Preparation of 5-carbon-linked trioxane dimer alcohol 5

A 10 mL round-bottomed flask was charged with dihydroartemisinin acetate 3 (270.0 mg, 0.87 mmol) and linker 4 (150.0 mg, 0.52 eq) in 3 mL of CH2Cl2 and then cooled to −78°C. To the mixture was added a tin(IV) chloride solution (1M in CH2Cl2 1.74 mL, 2 eq) dropwise over 10 min. After stirring for 50 min, the reaction mixture was quenched with NaHCO3 (aq), extracted with CH2Cl2, dried over MgSO4 and then concentrated. The crude product (ββ : αβ = 11: 1) was purified by silica gel chromatography (ethyl acetate/hexane 1/3) to give 165.0 mg (59% yield) of dimer alcohol 5 as a white solid. 1H NMR : (400 MHz, CDCl3) : 5.32 (dd, J=12Hz, 4Hz, 2H), 5.29 (s, 2H), 5.16 (d, J=12Hz, 2H), 4.71 (s, 1H), 4.50-4.47 (m, 1H), 4.41-4.36 (m, 1H), 2.68-2.65 (m, 2H), 2.34-2.25 (m, 3H), 2.21-2.12 (m, 2H), 2.07-1.99 (m, 3H), 1.91-1.88 (m, 2H), 1.79-1.75 (m, 2H), 1.66-1.59 (m, 4H), 1.46-1.35 (m, 8H including singlet 6H), 1.30-1.21 (m, 6H), 0.98-0.91 (m, 2H), 0.95 (d, J=4Hz, 6H), 0.87 (d, J=8Hz, 6H); 13C NMR : (100 MHz, CDCl3) : 147.80, 147.61, 114.84, 112.32, 103.14, 103.01, 89.22, 89.12, 81.05, 81.01, 77.95, 75.53, 74.08, 52.21, 52.18, 44.24, 44.15, 37.48, 37.45, 36.61, 36.51, 34.45, 34.40, 32.39, 31.40, 30.52, 30.50, 29.67, 25.94, 25.89, 24.83, 24.76, 24.74, 24.69, 20.14, 13.05, 12.83.; HRMS(FAB) calcd for C37H56O9 [(M+H)+] 645.40026; found, 645.39919; [α]D25.1 +105.1° (c = 0.9, CHCl3); IR (thin film) 3457, 2937, 2874, 1450, 1378, 1206, 1124, 1090, 1052, 1007, 942, 877; mp : 51–59 °C.
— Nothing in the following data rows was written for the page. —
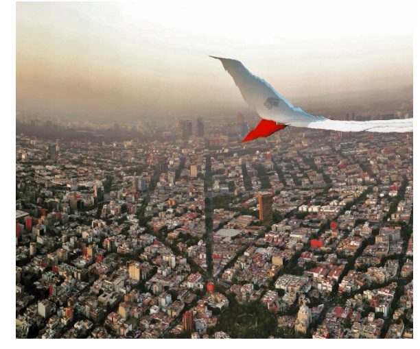
Mexico City from the air
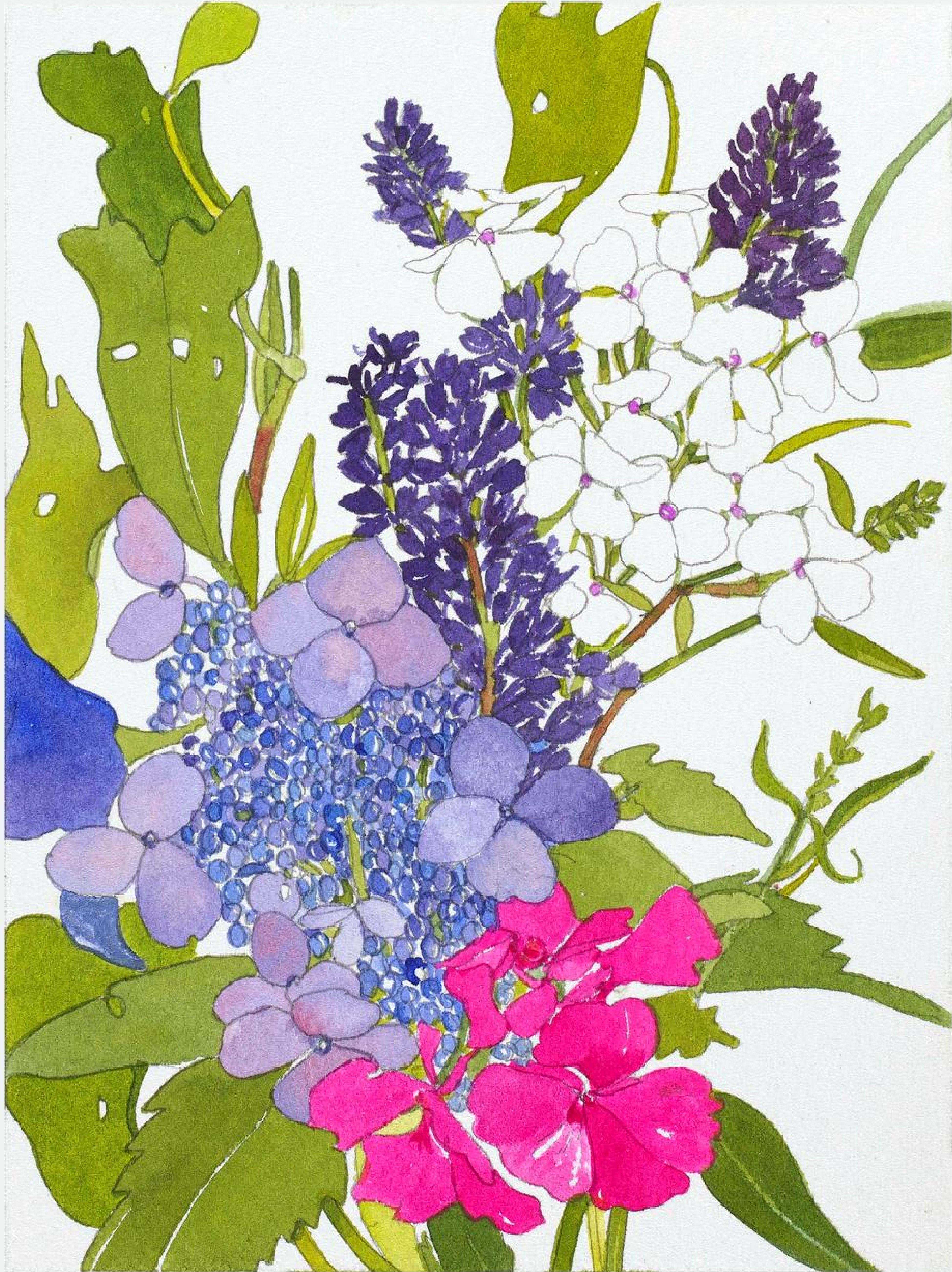
Lacecap, Buddleia 7 3 / 4 x 5 3 / 4 inches
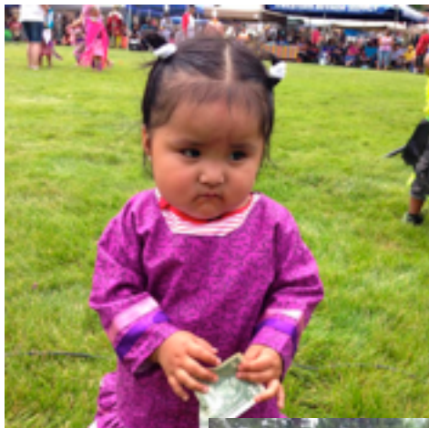
Faces of the Stewart PowWow
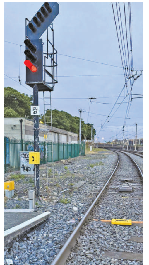
Irish Rail signalling equipment.
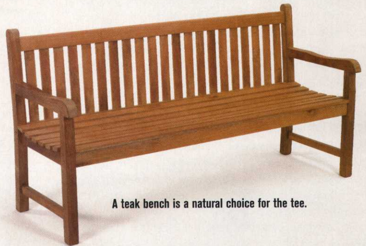
A teak bench is a natural choice for the tee.
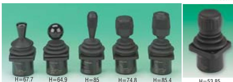
(All heights=above panel), Below panel depth=32.4 max.
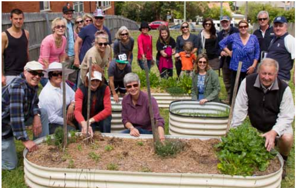
Freshwater Community Gardens is taking shape

In 2011, following in the footsteps of Manly Vale Community Garden, and assisted by its committee, Friends of Freshwater established a modest two-bin demonstration garden on vacant land at Crown Reserve, between Crown and Queenscliff Roads. There were many features of this site including location within medium density housing; it already had an existing playground, which would be
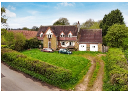
Lower Rudge, Pattingham, Wolverhampton
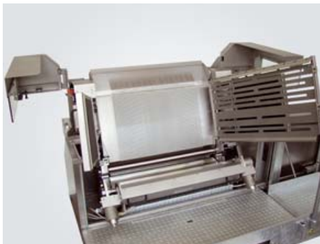
M-USG 1200 V strand guide
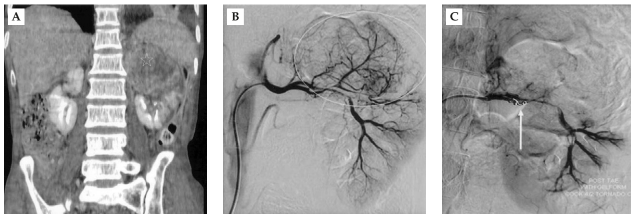
Figure 1. (A) Computed tomography: coronal reconstructive section shows a 12 × 13 cm mass in the upper pole of the left kidney (star). (B) Angiography shows a hypervascular mass located in the left upper kidney (circle). (C) Selective embolization of the tumor by the metallic coil is successful (arrow).
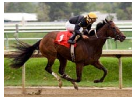
Your Flame In Me

Southwestern Heat, the first foal of champion filly Xtra Heat, is the 4-5 favorite in the race immediately following the race named for his mother. The three-year-old broke his maiden in impressive fashion at Laurel Park earlier this month and is using the 5-furlong test on the turf as a prep for the $100,000 Hirsch Jacobs Stakes on the Preakness undercard in three weeks.
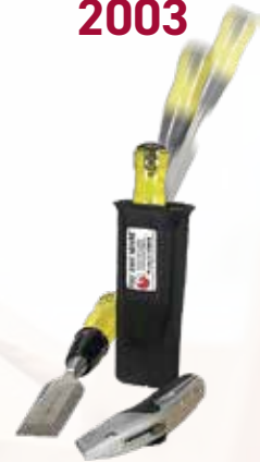
Oxy™ Tool Shield
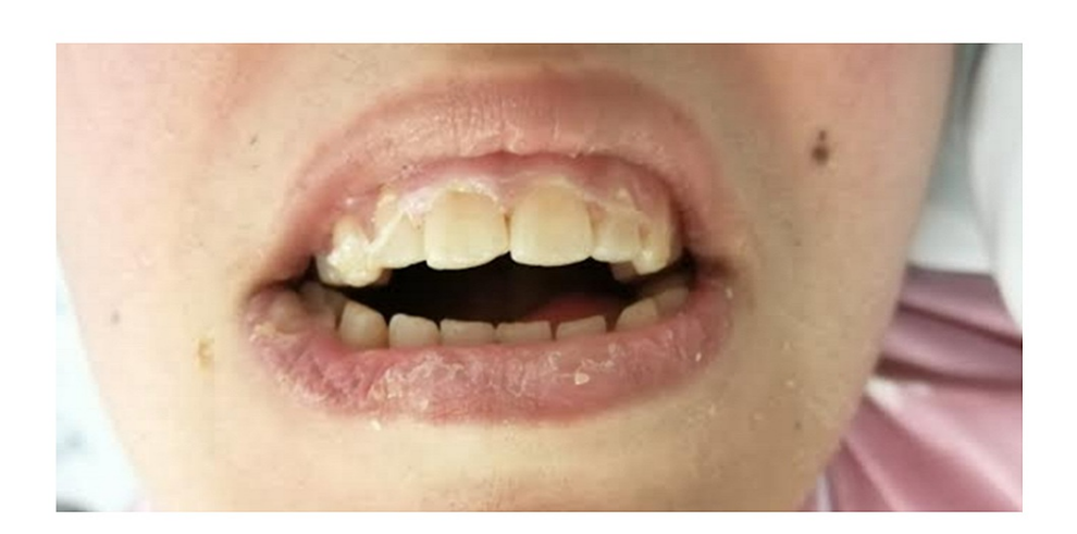
FIGURE 3: Photograph of the patient's mouth showing the patient's oral status. Dehydrated lips, poor oral hygiene, and dental plaque can be seen.

We were able to make an appropriate periodontal probing, finding pockets up to 6 mm, mainly in the posterior molar region. We also identified significant areas of gingival inflammation and bleeding, allowing us to make a clinical diagnosis of periodontal disease (stage III, grade A) (Figure 3).

Preparation of nitrobenzoate ester 6a

A 10 mL round-bottomed flask was sequentially charged with dimer alcohol 5 (46.0 mg, 0.071 mmol), p-nitrobenzoyl chloride (67.0 mg, 5 eq) and a catalytic amount of 4-dimethylaminopyridine (DMAP) in 1 mL of CH2Cl2 at room temperature. Finally, triethylamine (0.1 mL, 10 eq) was added to the reaction mixture. The reaction mixture was stirred for 4h and then quenched with NH4Cl (aq), extracted with EtOAc, dried over MgSO4 and then concentrated. The crude product was purified by column chromatography (ethyl acetate /Hexane 1/8) to give 48.0 mg (85% yield) of ester 6a as a white solid. Trituration with Et2O gave crystalline ester 6a for x-ray crystallography. 1H NMR : (400 MHz, CDCl3) : 8.29-8.22 (m, 5H), 6.02 (s, 1H), 5.38 (s, 2H), 5.35 (s, 1H), 5.34 (s, 1H), 5.30-5.28 (m, 2H), 4.65-4.53 (m, 2H), 2.67-2.57 (m, 2H), 2.39-2.25 (m, 4H), 2.19-2.15 (m, 2H), 2.01-1.97 (m, 2H), 1.91-1.88 (m, 2H), 1.78-1.75 (m, 2H), 1.65-1.62 (m, 4H), 1.42-1.35 (m, 8H including two singlets 6H), 1.28-1.21 (m, 6H), 0.98-0.91 (m, 2H), 0.94 (d, J=8Hz, 6H), 0.87 (d, J=4Hz, 3H), 0.85 (d, J=8Hz, 3H); 13C NMR : (100 MHz, CDCl3) : 163.1, 150.4, 142.45, 142.25, 135.9, 130.7, 123.5, 115.5, 114.5, 102.84, 102.81, 89.54, 89.36, 81.01, 80.88, 72.48, 71.59, 52.06, 51.99, 44.03, 43.97, 37.44 37.42, 36.64, 36.58, 34.35, 32.34, 31.11, 30.44, 30.42, 25.88, 25.84, 24.81, 24.73, 20.07, 20.04, 12.70, 12.60. [α]D23.4 +43.50° (c = 1.6, CHCl3); IR (thin film) 2939, 1728, 1528, 1454, 1376, 1346, 1269, 1101, 1008, 877.; HRMS(ESI) m/z calcd for C44H59NO12Na (M+Na)+ 816.3929; found 816.3914; mp : 137–144 °C.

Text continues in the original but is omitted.